Broken or failing builds in a CI/CD pipeline can deteriorate a team's faith in its own processes. It can also hinder a team's ability to efficiently deliver high-quality software. That's why it's important to identify and fix broken builds in a CI/CD pipeline.
These types of CI/CD challenges aren't unique to any specific tool. Broken builds can be red flags for larger issues and also signify impediments to current -- and future -- workflows. Luckily, there are best practices to remediate broken builds and avoid failing ones.
Check the credentials
Let's set the stage.
You're working on a new application feature when you get a notification that your most recent commit failed the build. The last things you pushed up were some new tests that worked fine when you ran them locally. What gives?
When CI/CD pipeline builds fail, there are a few common reasons. Often, builds that were working for a while and then suddenly fail have credential problems. For example, the credentials may no longer be valid, or the permissions for those credentials may have changed. If your IT organization has a dedicated DevOps team, they may be best suited to resolve credential and permissions issues. DevOps teams typically have admin access to most services and may be most familiar with the proper permissions needed to perform certain actions.
Troubleshooting build credentials
I'm a DevOps engineer and was recently asked to help diagnose a build failure that stemmed from an authentication issue with the GitHub Packages registry.

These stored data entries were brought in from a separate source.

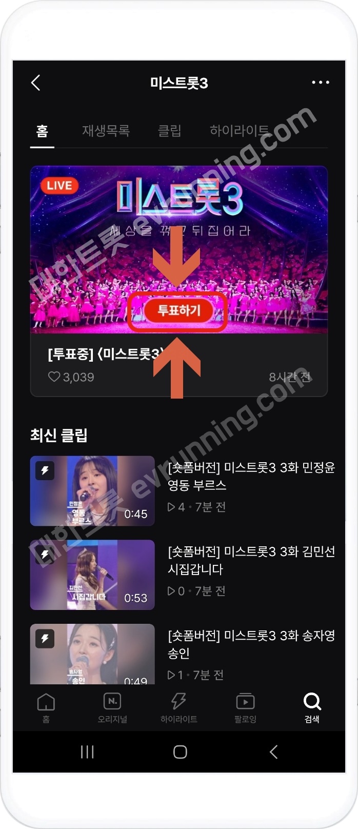 3. 미스트롯3 검색하기
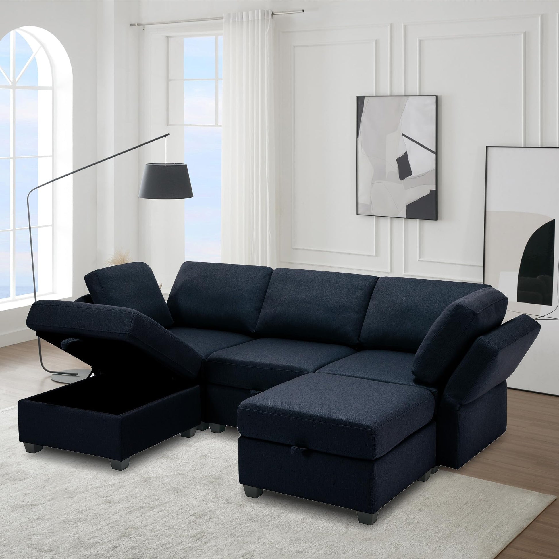 5 Seat Modern U Shaped Sofa with Convertible Storage Chaise, Sectional
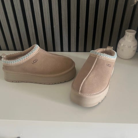 UGG tofflor i storlek 36, brun färg. Tillverkade i mjukt material med vadderad insida för komfort. Passar för inomhusbruk och utomhusbruk.

This build worked successfully for many months but suddenly started failing 100% of the time. GitHub provides a personal access token through an environment variable. My first thought was to check and see if this value was still present. Then, I checked on the credential responsible for the authentication error. After I logged in to the respective GitHub account, I found the culprit: The personal access token expired that day.
This example perfectly illustrates the Occam's razor philosophy. It states that the simplest explanation for a problem or event is the most likely explanation. In this scenario, the simplest explanation was that the credential needed to authenticate wasn't present. While that assumption was false, the next simplest explanation -- an invalid credential -- proved to be true.
If you can't find the problem by checking out the credentials, try to locally reproduce the issue, and then make changes to fix it. Testing and debugging instead of rerunning the full build can save valuable time. Some tools like CircleCI offer command-line interfaces that use Docker to run CI/CD scripts locally.
Fix flaky or brittle tests
Automated tests can cause intermittent broken builds. To check for this, access reports that offer more information on why the test is failing. Once you identify a cause, try to reproduce the failure by rerunning the test or just manually reproducing it with the application under test.
QA professionals are the best equipped to help with failing builds due to tests. Flaky or brittle tests, in particular, can be a CI/CD pipeline challenge. These faulty tests can negatively affect the development team's confidence and potentially make the team expect, or even ignore, future failures. Legitimate failures can go undetected, and bugs may slip through more easily.
To mitigate such issues, involve developers in test design and development efforts. Developers can provide insight into the different test conditions that may ultimately cause tests to fail. In this way, developers can help the QA team build more comprehensive tests.
Alerts can reduce the number of build failures. Make sure your system automatically alerts the right people when builds fail to ensure minimal downtime.
Many chat tools -- like Slack or Microsoft Teams -- integrate with CI/CD systems to facilitate the creation of these alerts. Failed build alerts should be treated as all-hands-on-deck situations because a failing build severely limits the team's ability to deploy new software. Such circumstances not only delay new features, but they also block urgent bug fixes from being deployed to production.